→ INSTRUCTIONS FOR THE TASK
Transcribe the whole listing exactly, but do not carry over its pictures.

→ ENTRIES SHOWN
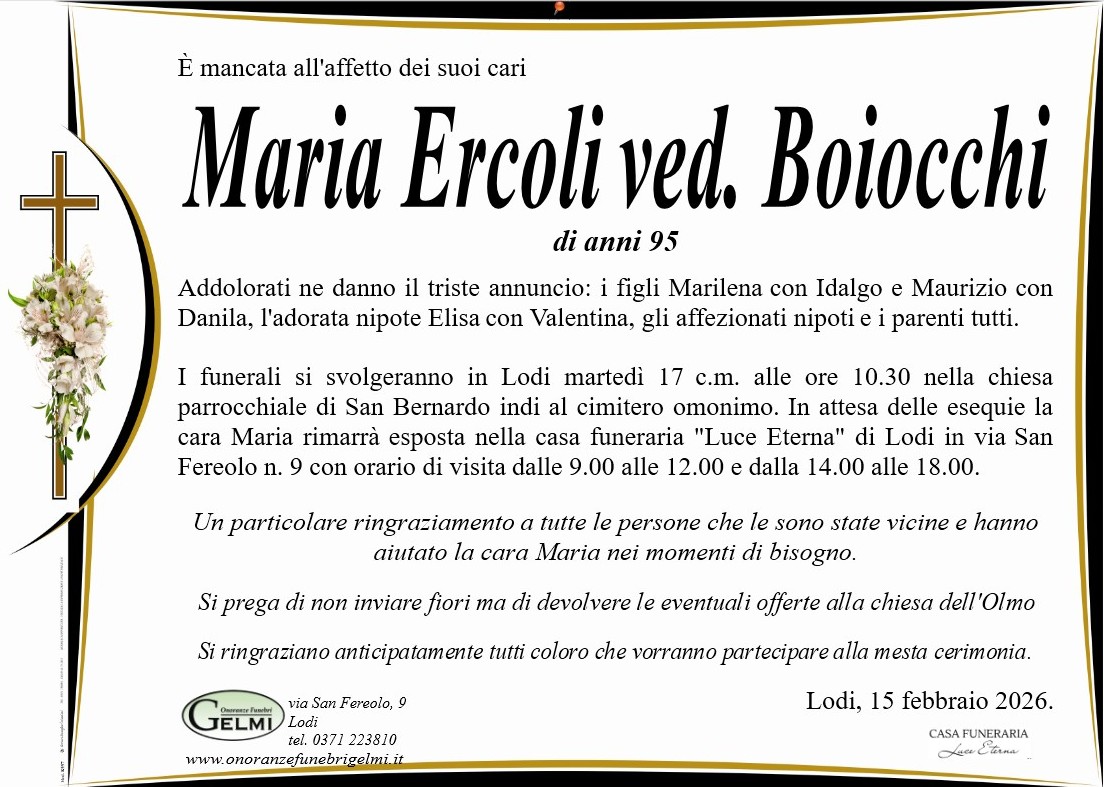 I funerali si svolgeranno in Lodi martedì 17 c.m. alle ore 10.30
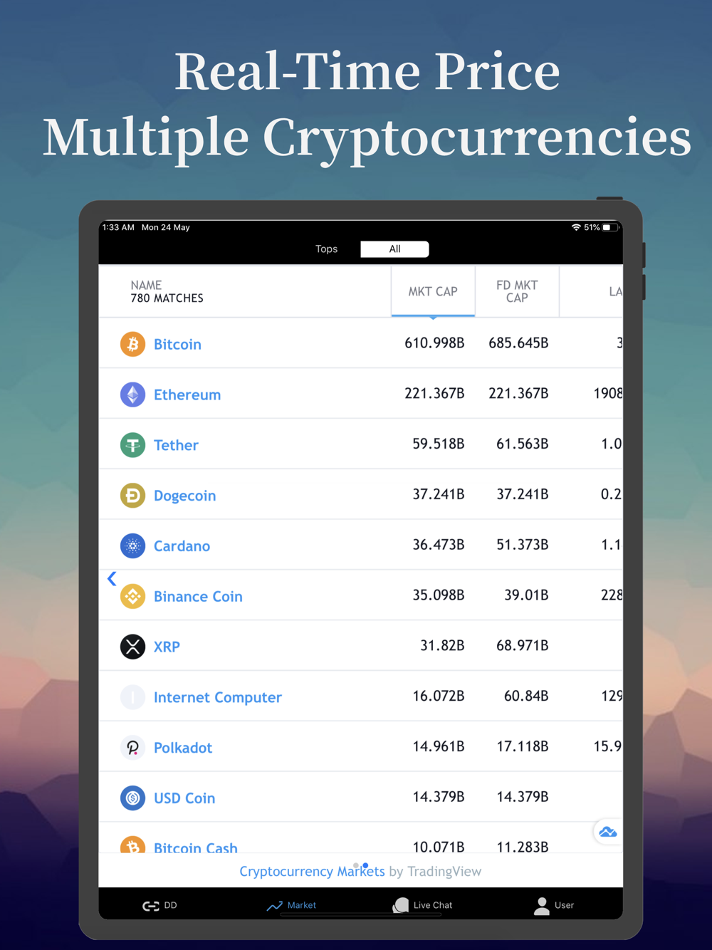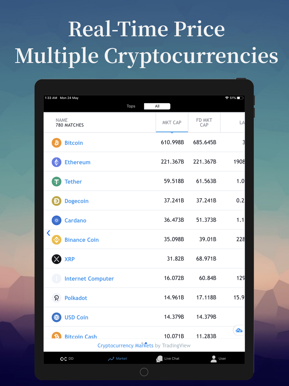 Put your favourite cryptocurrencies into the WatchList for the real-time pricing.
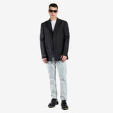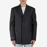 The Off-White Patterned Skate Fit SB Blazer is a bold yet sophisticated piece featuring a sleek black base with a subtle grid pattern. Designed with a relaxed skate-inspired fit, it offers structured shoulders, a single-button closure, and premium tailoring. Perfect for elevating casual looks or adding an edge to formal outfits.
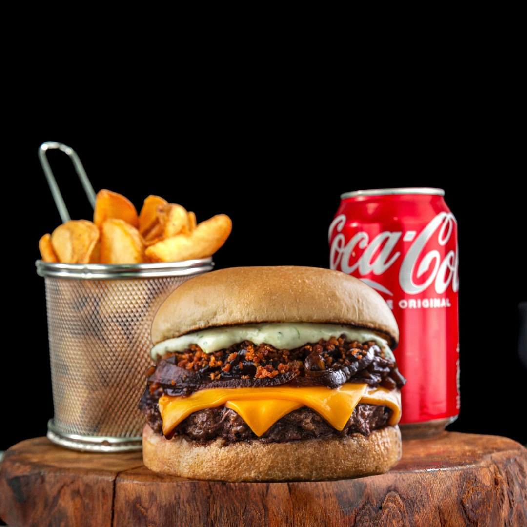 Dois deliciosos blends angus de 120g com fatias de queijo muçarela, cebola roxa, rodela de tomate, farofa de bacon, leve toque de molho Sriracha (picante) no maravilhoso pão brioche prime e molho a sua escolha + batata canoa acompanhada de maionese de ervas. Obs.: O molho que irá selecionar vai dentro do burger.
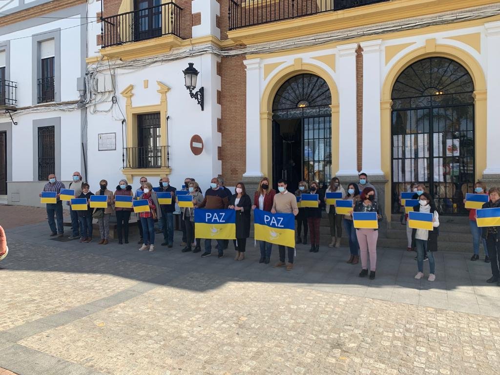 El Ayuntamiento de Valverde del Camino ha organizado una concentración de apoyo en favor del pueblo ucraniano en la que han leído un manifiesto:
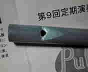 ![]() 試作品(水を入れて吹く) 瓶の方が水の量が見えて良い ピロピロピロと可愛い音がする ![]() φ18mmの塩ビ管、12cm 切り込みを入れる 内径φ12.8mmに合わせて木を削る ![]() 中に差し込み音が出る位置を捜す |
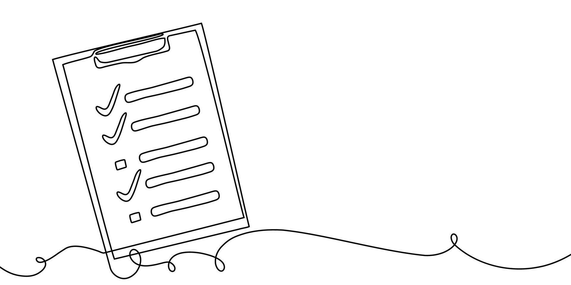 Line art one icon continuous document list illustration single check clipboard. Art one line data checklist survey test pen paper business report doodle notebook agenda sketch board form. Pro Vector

→ COMPLETED TASK
 I funerali si svolgeranno in Lodi martedì 17 c.m. alle ore 10.30
 Put your favourite cryptocurrencies into the WatchList for the real-time pricing.
 The Off-White Patterned Skate Fit SB Blazer is a bold yet sophisticated piece featuring a sleek black base with a subtle grid pattern. Designed with a relaxed skate-inspired fit, it offers structured shoulders, a single-button closure, and premium tailoring. Perfect for elevating casual looks or adding an edge to formal outfits.
 Dois deliciosos blends angus de 120g com fatias de queijo muçarela, cebola roxa, rodela de tomate, farofa de bacon, leve toque de molho Sriracha (picante) no maravilhoso pão brioche prime e molho a sua escolha + batata canoa acompanhada de maionese de ervas. Obs.: O molho que irá selecionar vai dentro do burger.
 El Ayuntamiento de Valverde del Camino ha organizado una concentración de apoyo en favor del pueblo ucraniano en la que han leído un manifiesto:
 ![]() 試作品(水を入れて吹く) 瓶の方が水の量が見えて良い ピロピロピロと可愛い音がする ![]() φ18mmの塩ビ管、12cm 切り込みを入れる 内径φ12.8mmに合わせて木を削る ![]() 中に差し込み音が出る位置を捜す |
 Line art one icon continuous document list illustration single check clipboard. Art one line data checklist survey test pen paper business report doodle notebook agenda sketch board form. Pro Vector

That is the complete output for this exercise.